Добрибобр отдал ему то, что должно было подкрепить его в предстоящем бою. Но... Это ведь был Добрибобр. Недаром же говорили, что одна из веточек его предков произрастала отсюда, с древней земли Бобритании...
    – Что ж, – сказал он, когда волнение немного утихло. – Вам нужно теперь отойти куда-нибудь в безопасное место... Скоро... – он помолчал и всё же не стал объяснять. – Кто мог бы показать всем такое место?
    Но освобождённые молчали, пожимая своими дохлятинскими плечами, улыбаясь истончавшими лицами, на которых только горели радостью глаза. Они уже так давно здесь, что, кажется, забыли, есть ли ещё что-то в мире, кроме этого болота, плетей стражников и жалкой пищи...
    – Я... – Наречник судорожно огляделся по сторонам, втягивая голову в плечи. – Если мне позволят сказать... Я мог бы... Я помню... такое есть место... – и замолчал, ожидая реакции на свои слова.

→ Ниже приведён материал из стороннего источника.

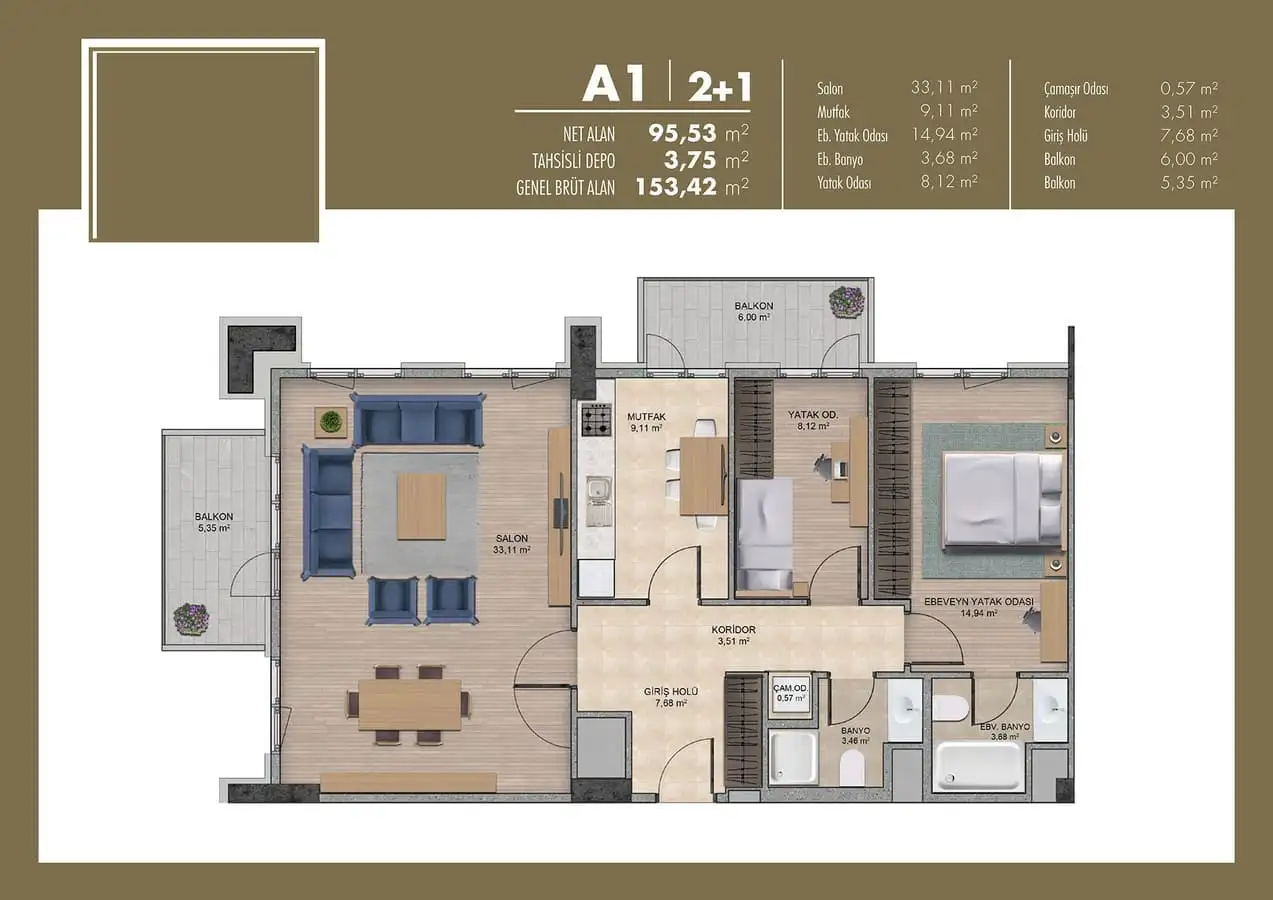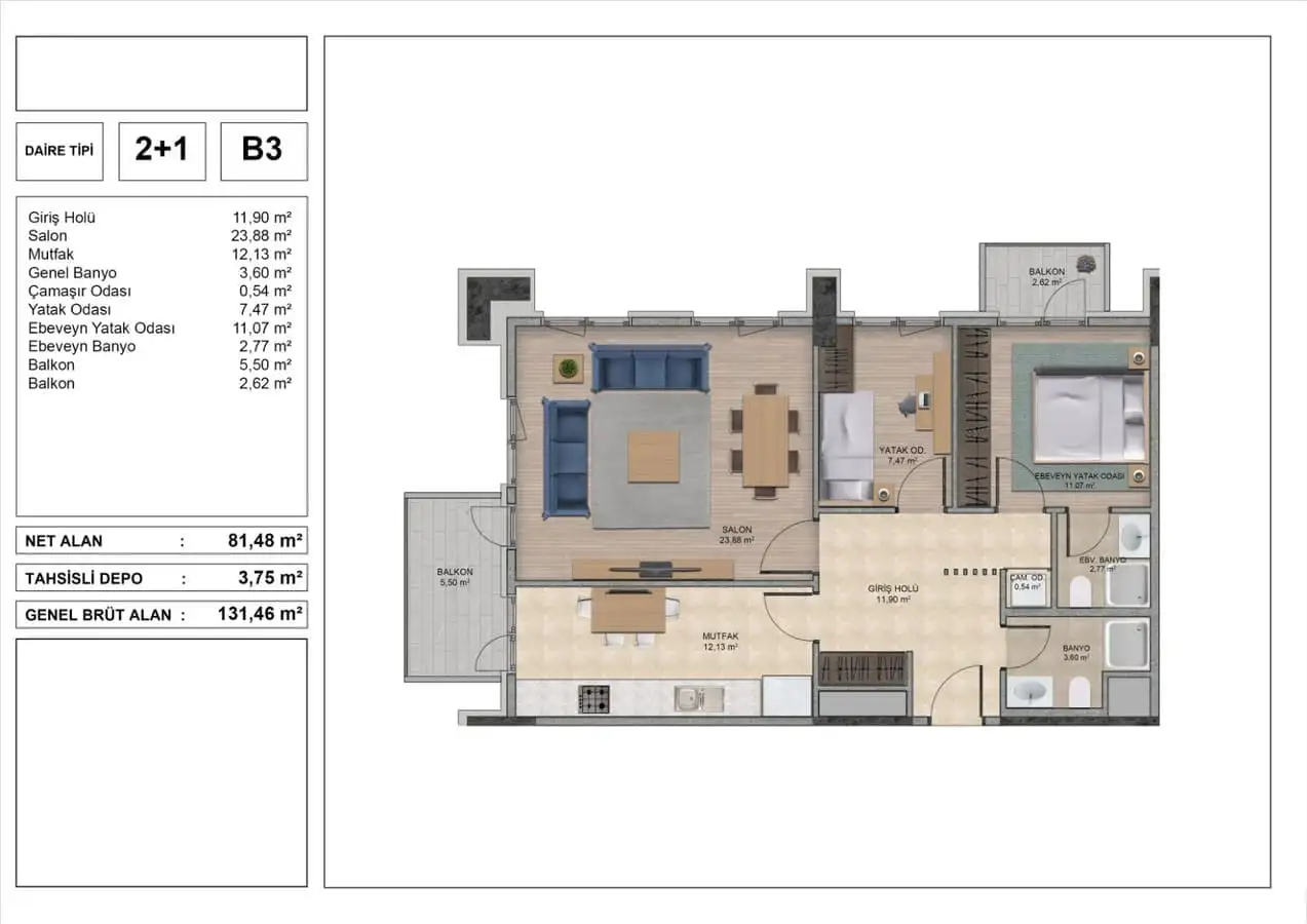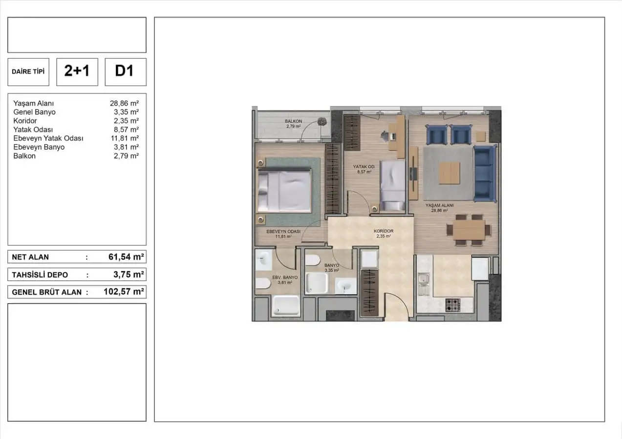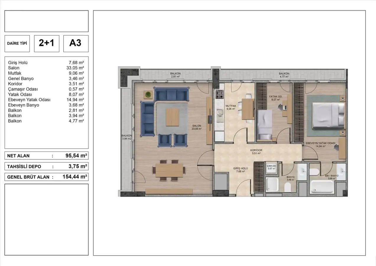2+1 площадью от 61,54 м2 до 95,54 м2;

    Но никто, вероятно, против его ожидания, не бросил в него грязью, ни даже упрёка, а все только молча ждали, что он ещё скажет. Тогда он приободрился и сказал:
    – Чуть выше и правее Плато Ежей... бывшего Плато... – клисс потупился, словно это он разрушил его. Но сделал над собой усилие и продолжил: – Есть небольшая местность, называемая Междускалье... Она, как я слышал, осталась нетронутой селем, и... – он опять замялся, видно, показалось ему, что предложение его ничего не стоит. Но надо было докончить. – Там много вкусных фруктов... – ему уже было очень стыдно говорить, он даже покраснел. – Чистая вода и тихо... Там не бывает холодных ветров, только разве что в январе и феврале... – бедный, он совсем смутился, и речь его превратилась в еле внятное бормотанье, которое он сопровождал нелепыми жестами, взмахивая лапой, как учащийся летать птенец курицы. – На случай нападения есть возможность отступления... Там находится один из входов в Великие Пещеры, с одной их части называющиеся Гнилыми, с другой – Гиблыми, а с третьей... – он замолчал, насупившись и ожидая, что сейчас раздастся смех.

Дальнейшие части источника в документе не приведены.